Bouck, Holloway, Kiernan Casey, Albany, N.Y. (Mark D. Sanza of counsel), for third-party defendant-respondent.
Before: MYRIAM J. ALTMAN, J.P., WILLIAM D. FRIEDMANN, NANCY E. SMITH, THOMAS A. ADAMS, JJ.
ORDERED that the order is affirmed insofar as appealed from, with one bill of costs payable to the respondents appearing separately and filing separate briefs.
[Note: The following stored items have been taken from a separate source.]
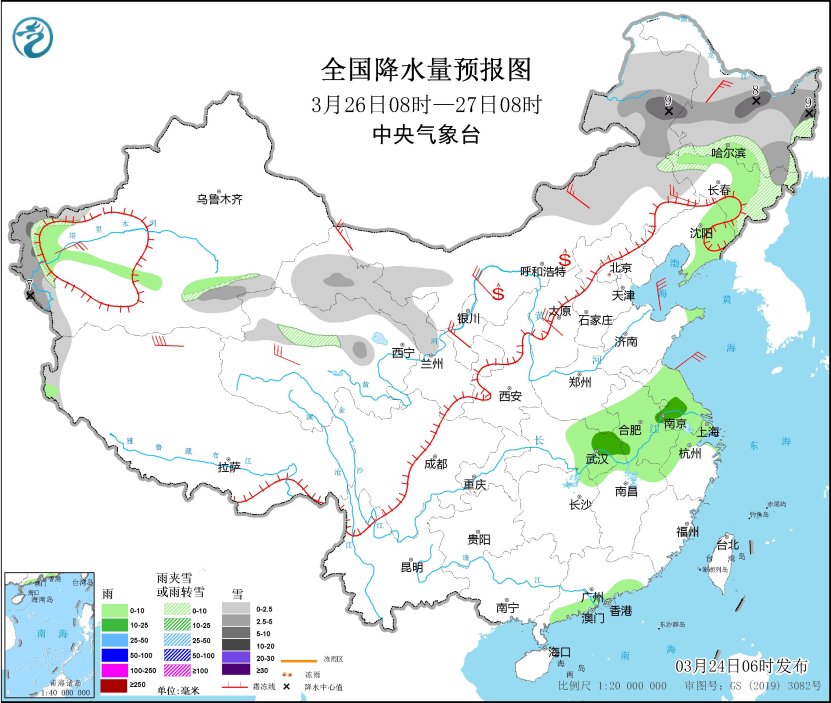 3月26日08時至27日08時,內(nèi)蒙古東部、黑龍江大部、吉林東部、新疆南疆西部山區(qū)、甘肅河西、青海北部等地部分地區(qū)有小到中雪或雨夾雪,其中,內(nèi)蒙古東北部、黑龍江中東部、新疆南疆西部山區(qū)等地部分地區(qū)有大雪(5~9毫米)。吉林中部、遼寧東部、江淮大部、江漢東部、江南北部、廣東南部沿海等地部分地區(qū)有小雨,其中,湖北東部、安徽中部、江蘇西南部等地部分地區(qū)有中雨。內(nèi)蒙古大部、西北地區(qū)中東部、華北大部、東北地區(qū)西部、新疆南疆盆地等地部分地區(qū)有4~6級風。內(nèi)蒙古中西部、寧夏等地部分地區(qū)有揚沙。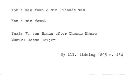 //// Kom i min famn o min lidande vän Kom i min famn: //// Text: W. von Braun efter Thomas Moore Musik: Gösta Geijer //// Ny ill. tidning 1893 s. 454 ////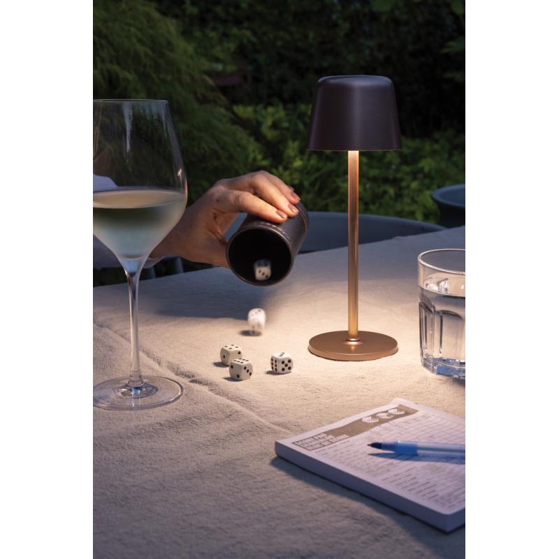 Trendy re-chargeable and portable table lamp that will look good both on your desk or in your living room. Made with RCS certified recycled ABS and metal pole. Total recycled content: 51% based on total item weight. RCS certification ensures a completely certified supply chain of the recycled materials. The table lamp will operate up 8 hours on one single charge and can be re-charged in 3 hours. With integrated 1200 mah A-grade battery, With three modes (warm light, white light and neutral) that can be adjusted by touching the top of the lamp. Rechargeable via USB-C including 80cm recycled TPE charging cable. Packed in FSC® mix packaging. PVC free.

As a result of a storm which occurred on May 29, 1995, a caretaker's cottage on the plaintiff's property was damaged. The replacement cost of the cottage exceeded the limits of coverage available under the insurance policy for the cottage. The plaintiff commenced this action to recover damages for negligence against the defendants, the insurance brokers who secured the policy, for failure to advise it to increase the amount of coverage for the cottage because it had been renovated. Summary judgment was properly awarded to the defendants, who apart from a "common-law duty to obtain requested coverage for their clients within a reasonable time or inform the client of the inability to do so * * * [had] no continuing duty to advise, guide or direct a client to obtain additional coverage" (Murphy v. Kuhn, 90 N.Y.2d 266, 270; see, Hesse v. Speece, 278 A.D.2d 368; Ambrosino v. Exchange Ins. Co., 265 A.D.2d 627). In opposition to the prima facie showing of entitlement to judgment as a matter of law, the plaintiff failed to raise a triable issue of fact as to the existence of a special relationship (see, Murphy v. Kuhn, supra; Hesse v. Speece, supra; cf., Shenorock Shore Club v. Rollins Agency, 270 A.D.2d 330).
The plaintiff's remaining contentions are without merit.
ALTMAN, J.P., FRIEDMANN, SMITH and ADAMS, JJ., concur.